Children of the River is a young adult novel by Linda Crew published in 1989. It follows the story of a young girl who moves to a town to escape from the war in Cambodia. She then finds herself talking to an American White boy Jonathan McKinnon, which is forbidden in her culture.

Synopsis
Sundara Sovann is a 12 year old Cambodian girl growing up in Phnom Penh, the Cambodian capital. Sundara's childhood includes a boy named Chamroeun, described as charming and a smart boy. Chamroeun and Sundara's parents joke that they will one day be married. Sundara falls in love with Chamroeun, but Chamroeun goes to fight in the war as a soldier, right before Sundara leaves to go to her uncle and aunt's house. When Sundara is at her aunt and uncle's house she flees from Cambodia with her aunt, Soka, her grandma, and her uncle, Naro, to escape from  Khmer Rouge. She leaves her family behind in Cambodia, which she regrets later in the novel. Sundara's aunt Soka just had a baby, right before they had to leave. While on the small, very cramped ship, Sundara is put in charge of the infant, as Soka is drifting in and out of awareness. The baby is extremely malnourished, and Sundara, eager to save her cousin, asks a mother for her breast milk to help the baby get better. The mother states, "I would, but... Oh, this is all so terrible. I'm not getting enough to drink myself. Soon I'm afraid I won't have milk for my own.". She then goes to a helper and asks for some extra milk, or supplies. He gives her a hard time, but eventually gives her some powdered milk, and some sugar water in a bottle. Then the baby soon dies shortly after, devastating Sundara.

Sundara eventually makes it to America. She seems to understand American ways, but not the reasons behind them. To Sundara's dismay, a teacher, Mrs. Cathcart, reads her poem assignment aloud to the class. It is about her having to leave Cambodia, and all the people dying there. Sundara, along with Soka, work for Mr. Bonner, a farmer. Sundara also works Mr. Bonner's fruit stand at the market. There, she meets Jonathan, a boy her age, who attends the same school and seems very sweet to Sundara. Sundara also cannot help herself from admiring him. Soon he befriends her, asking to interview her about her life in Cambodia. Sundara is shy about her family history; having trouble opening up to him. Sundara and Jonathan soon fall for each other. Sundara's Aunt Soka has trouble accepting her crush. In fact, as soon as Soka knows of it, she makes Sundara promise that she will not talk to Jonathan anymore. Sundara soon finds out Chamroeun has been killed. She almost breaks down, but Jonathan comforts her. When he asks her why she didn't cry, she explains that she hasn't been able to cry since she left Cambodia.

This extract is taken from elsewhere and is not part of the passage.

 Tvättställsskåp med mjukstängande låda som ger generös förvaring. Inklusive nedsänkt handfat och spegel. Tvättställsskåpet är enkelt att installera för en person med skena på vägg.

As Sundara starts to adapt to American ways, she learns that her new friend Jonathan is popular at school. Jonathan's girlfriend, Cathy Gates, says nobody really seems to understand Jonathan but Cathy. According to Cathy, "Jonathan and I have been going together since the ninth grade. We have something very special between us." As Sundara and Jonathan's relationship builds, they start eating lunch together, and he then asks her to the movies. Sundara realizes she is becoming more American after being told, "You know, you ought to watch you become American.".

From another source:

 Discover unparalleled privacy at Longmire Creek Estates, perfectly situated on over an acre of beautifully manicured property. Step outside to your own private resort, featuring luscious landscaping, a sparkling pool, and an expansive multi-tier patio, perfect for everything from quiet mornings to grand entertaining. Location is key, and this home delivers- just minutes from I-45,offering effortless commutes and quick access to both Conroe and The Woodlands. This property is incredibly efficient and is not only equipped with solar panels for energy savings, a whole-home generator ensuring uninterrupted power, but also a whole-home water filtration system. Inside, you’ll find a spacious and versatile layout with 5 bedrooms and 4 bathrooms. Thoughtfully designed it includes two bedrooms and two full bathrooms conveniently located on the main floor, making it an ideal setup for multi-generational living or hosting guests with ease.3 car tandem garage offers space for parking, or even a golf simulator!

Sundara and her friend Moni have dinner. They end up reminded, that in their society back home all marriages are arranged. On top of Sundara having this problem, news is spreading through the school about her and Jonathan. Cathy soon finds out about their [friendship], and she is not happy. Cathy stands up for herself and decides to face Sundara; Sundara does not seem to want to face Cathy.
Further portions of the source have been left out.